-- Problem requirements --
Taking the data below, please print only the lines from the line holding "チーズがトロ~リ!生地がサク" to the line holding "Be the first", inclusive, with pictures omitted.
------------------------
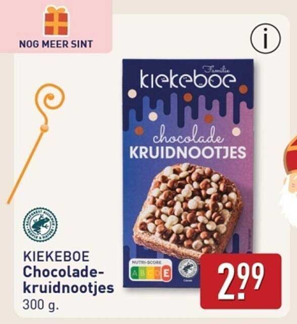 Bekijk nu de KIEKEBOE Chocolade-kruidnootjes 300 g aanbieding in de ALDI folder. Deze aanbieding is geldig van 10-11-2025 tot en met 16-11-2025.
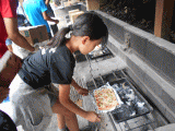 チーズがトロ~リ!生地がサクサクッ!オーブンや釜で焼くピザですが、本日、なんとダンボール釜でピザを焼いています!ダンボール箱の内側にアルミホイルを貼りつけることで、熱が反射し、内部がオーブンのようになるのです。3日連続野外炊飯を行っている子どもたちは、準備もスムーズ!一人一枚(A4サイズ)思い思いの具をのせ、いざオーブンの中へ!ダンボールですので中が見えないのが残念ですが、チーズの溶けた良いにおいが・・・。10分で出来あがり!自然教室やキャンプはもちろんですが、このような方法を知っておくことで、いざというときにも役に立ちそうですね!(茶々丸)
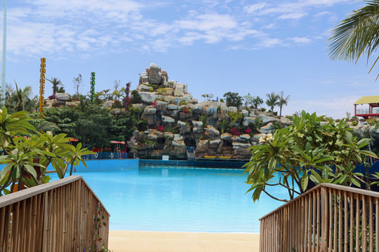酒店拥有4500平泳池,而且从酒店可以直接走地下通道直达对面的海滩哦。
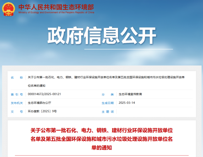 近日,生態(tài)環(huán)境部網(wǎng)站發(fā)布了《關(guān)于公布第一批石化、電力、鋼鐵、建材行業(yè)環(huán)保設(shè)施開放單位名單及第五批全國環(huán)保設(shè)施和城市污水垃圾處理設(shè)施開放單位名單的通知》(以下簡稱《通知》)。
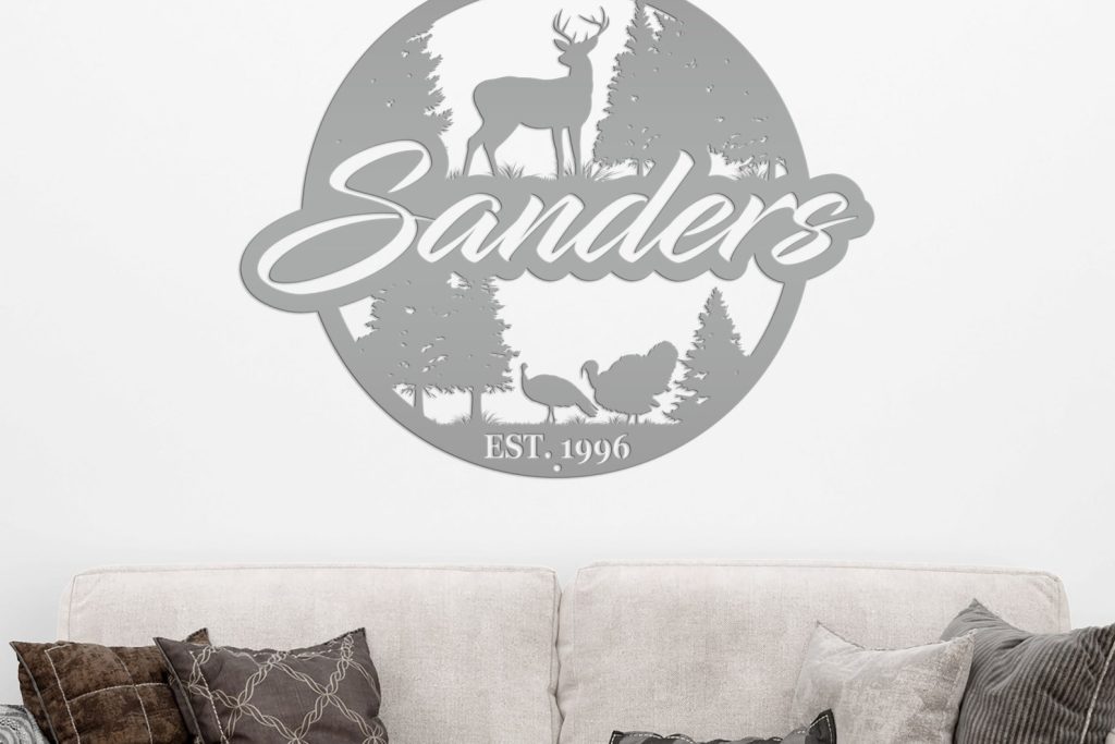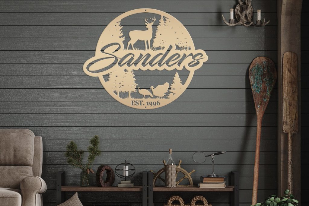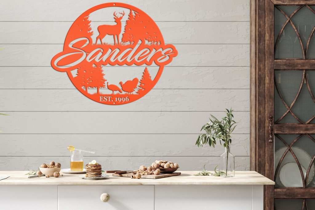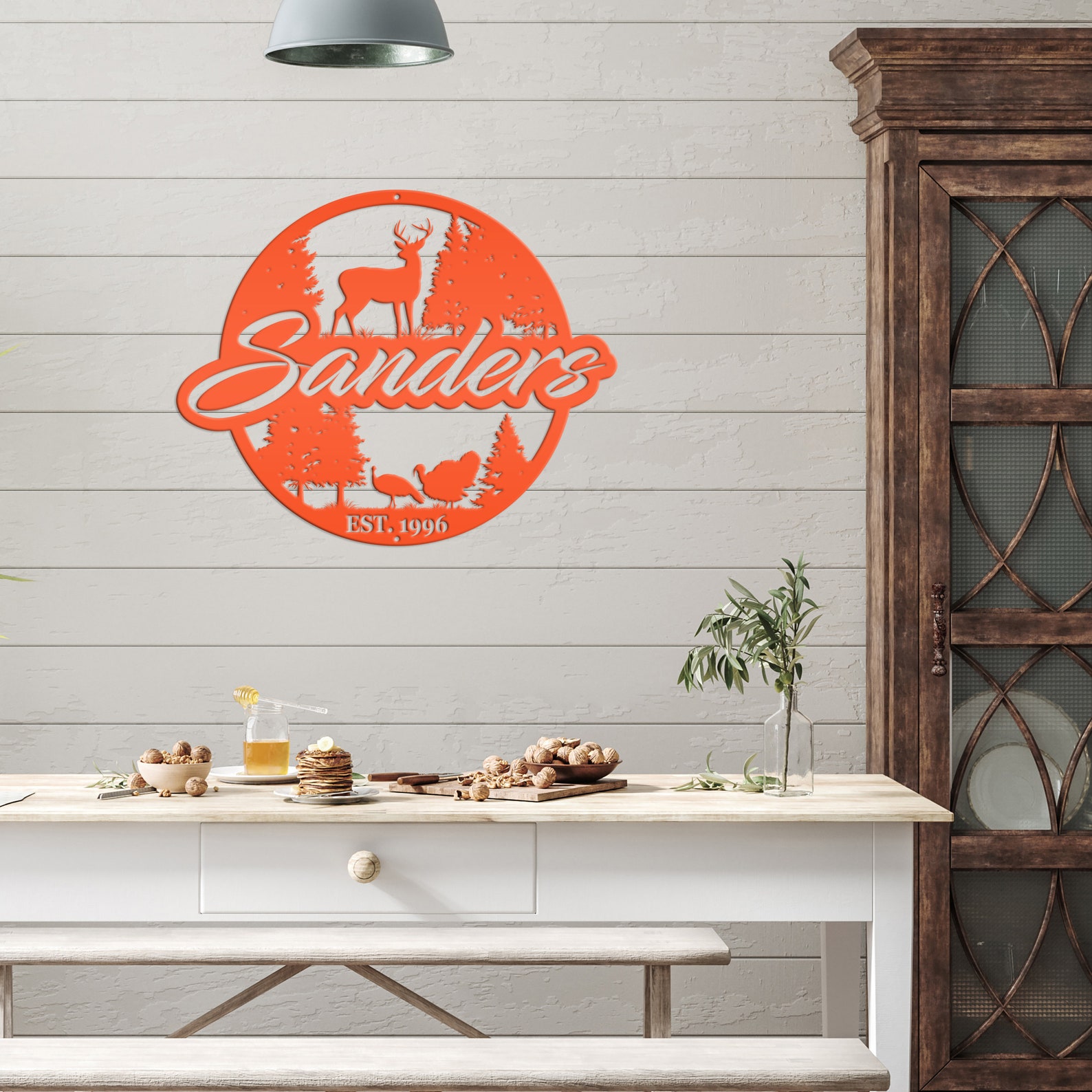 Be the first to review “Personalized Family Name Sign – Deer and Turkey Metal Art”
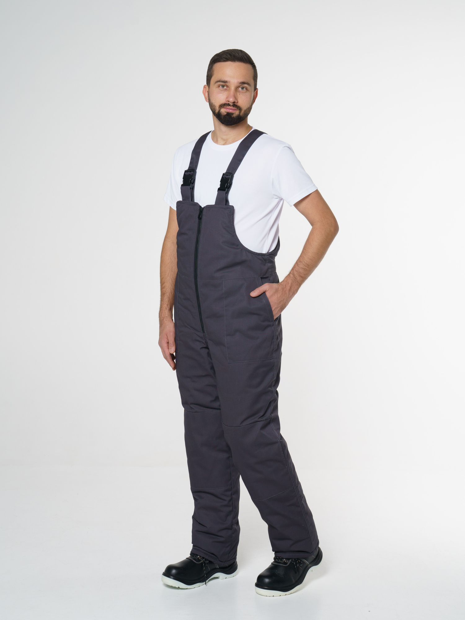 Полукомбинезон утепл."БУРАН"(тк.ТВИЛ+синтепон) темно-СЕРЫЙ Пк703 (ЧЗ) (104-108/170-176)
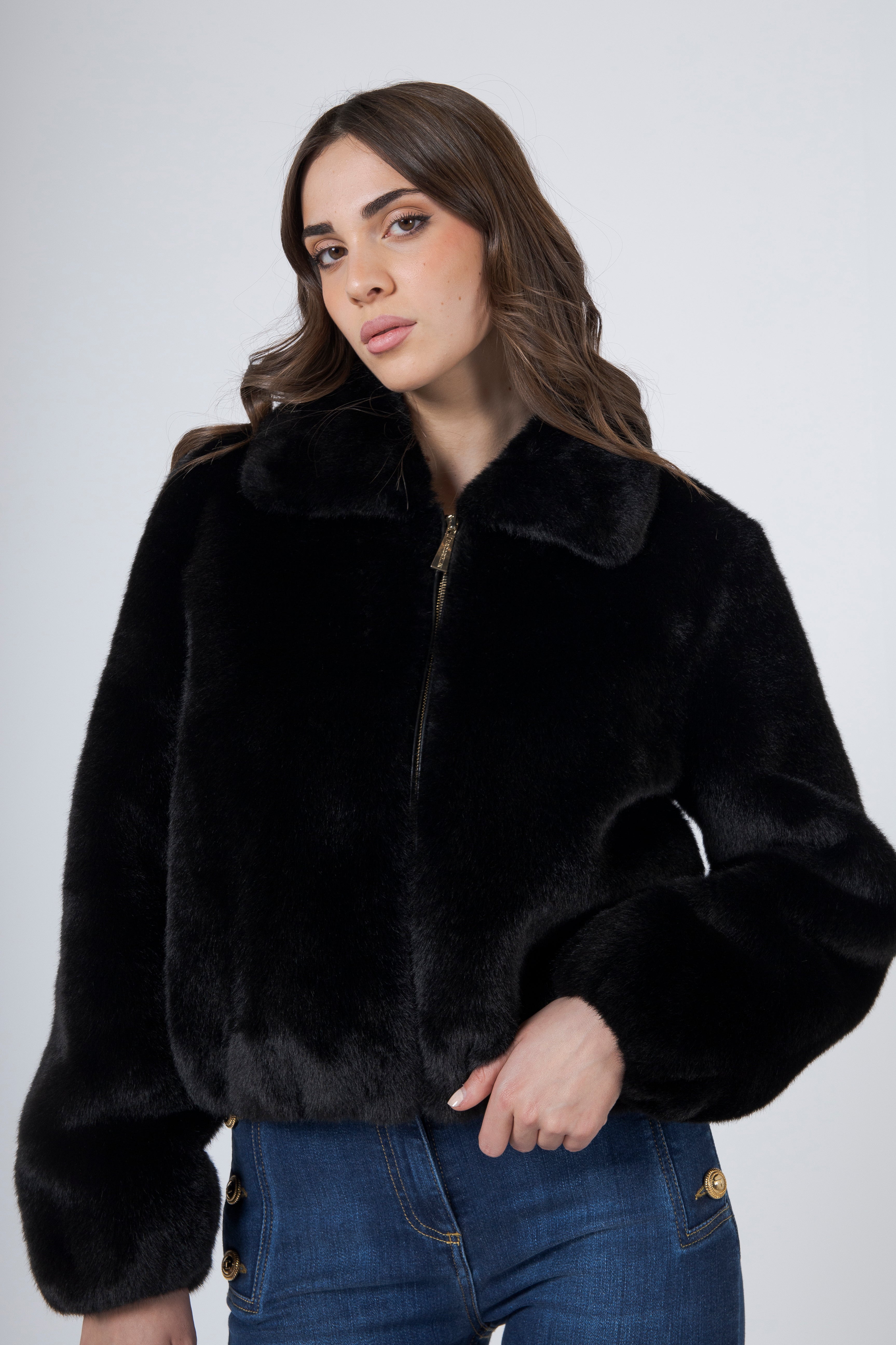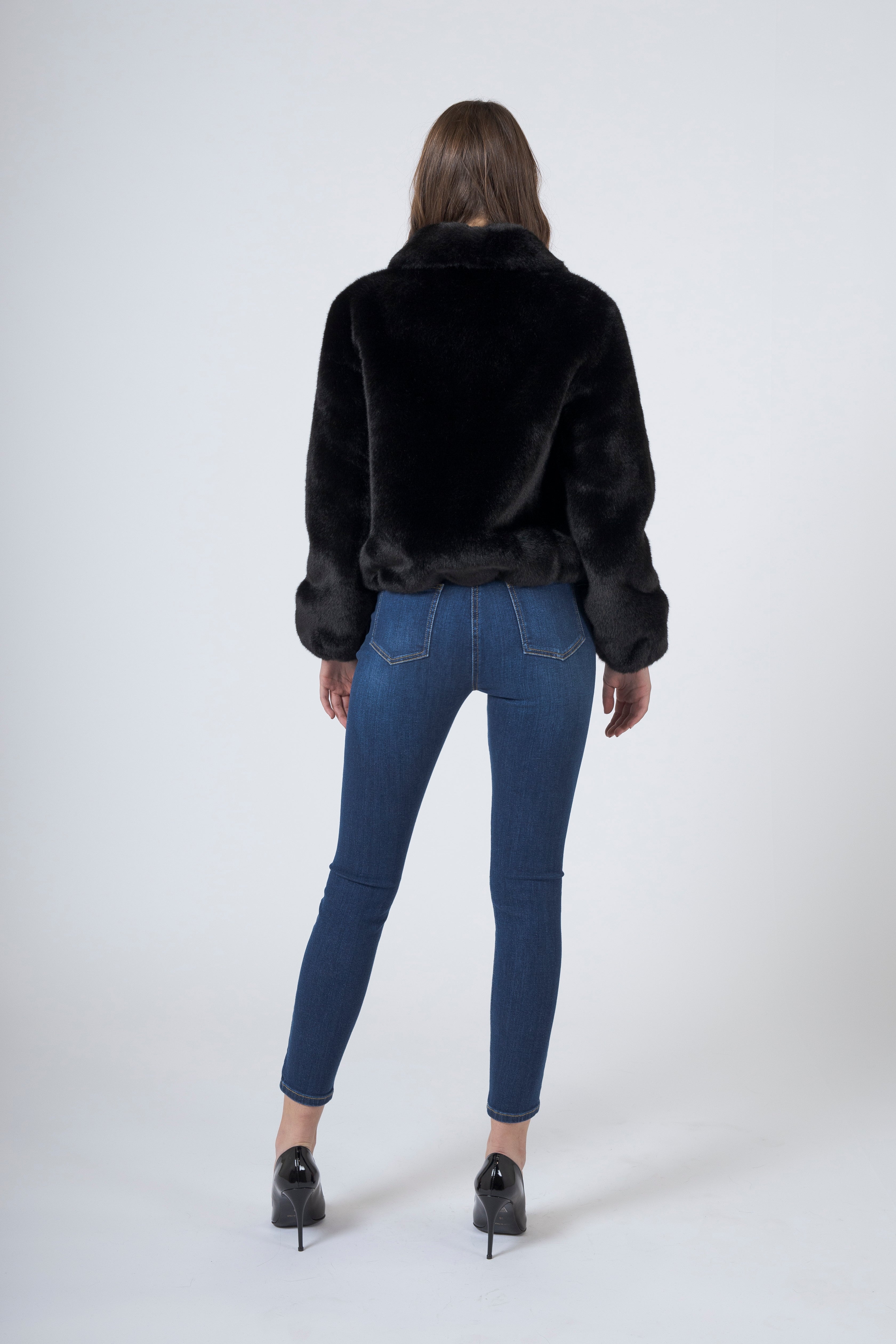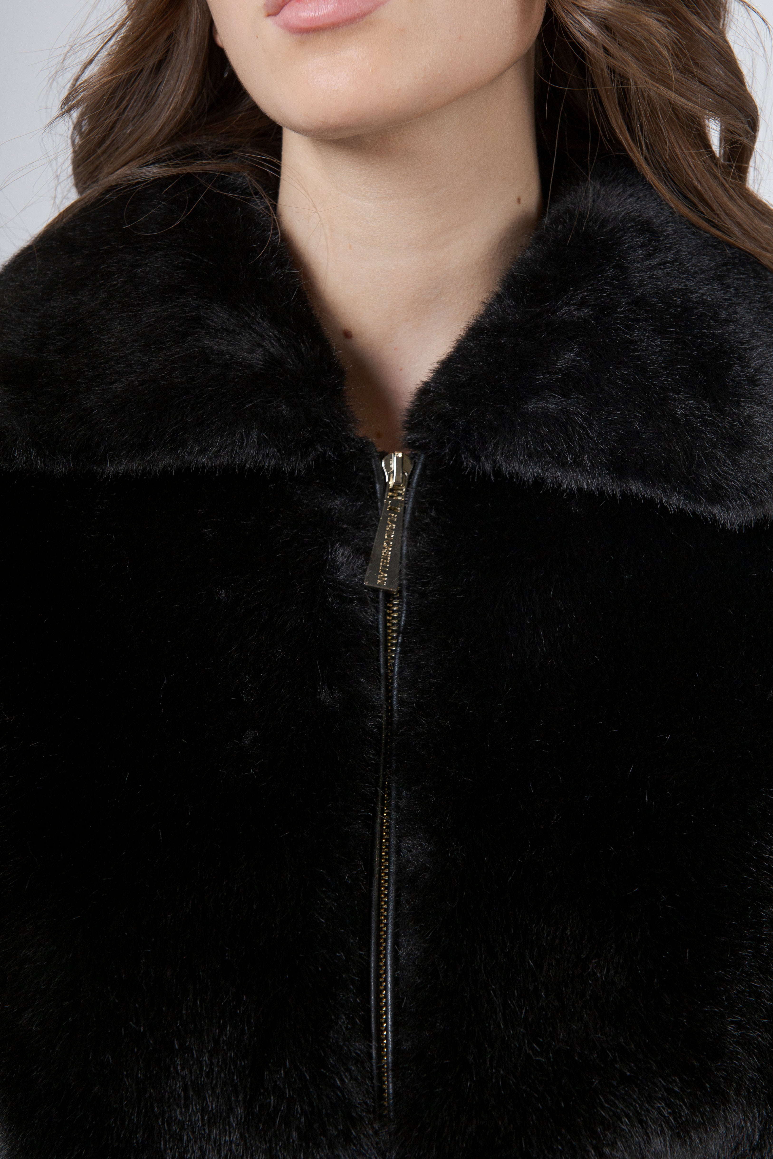 Il corpo della pelliccia — corto, appena sotto la vita — disegnava una silhouette asciutta, perfetta da portare aperta su un look elegante o chiusa per affrontare le giornate più fredde. La zip centrale, nascosta alla vista ma presente nella funzionalità, scorreva con discrezione, mantenendo intatta la pulizia visiva del capo.
------------------------
-- Task result --
 チーズがトロ~リ!生地がサクサクッ!オーブンや釜で焼くピザですが、本日、なんとダンボール釜でピザを焼いています!ダンボール箱の内側にアルミホイルを貼りつけることで、熱が反射し、内部がオーブンのようになるのです。3日連続野外炊飯を行っている子どもたちは、準備もスムーズ!一人一枚(A4サイズ)思い思いの具をのせ、いざオーブンの中へ!ダンボールですので中が見えないのが残念ですが、チーズの溶けた良いにおいが・・・。10分で出来あがり!自然教室やキャンプはもちろんですが、このような方法を知っておくことで、いざというときにも役に立ちそうですね!(茶々丸)
酒店拥有4500平泳池,而且从酒店可以直接走地下通道直达对面的海滩哦。
 近日,生態(tài)環(huán)境部網(wǎng)站發(fā)布了《關(guān)于公布第一批石化、電力、鋼鐵、建材行業(yè)環(huán)保設(shè)施開放單位名單及第五批全國環(huán)保設(shè)施和城市污水垃圾處理設(shè)施開放單位名單的通知》(以下簡稱《通知》)。
 Be the first to review “Personalized Family Name Sign – Deer and Turkey Metal Art”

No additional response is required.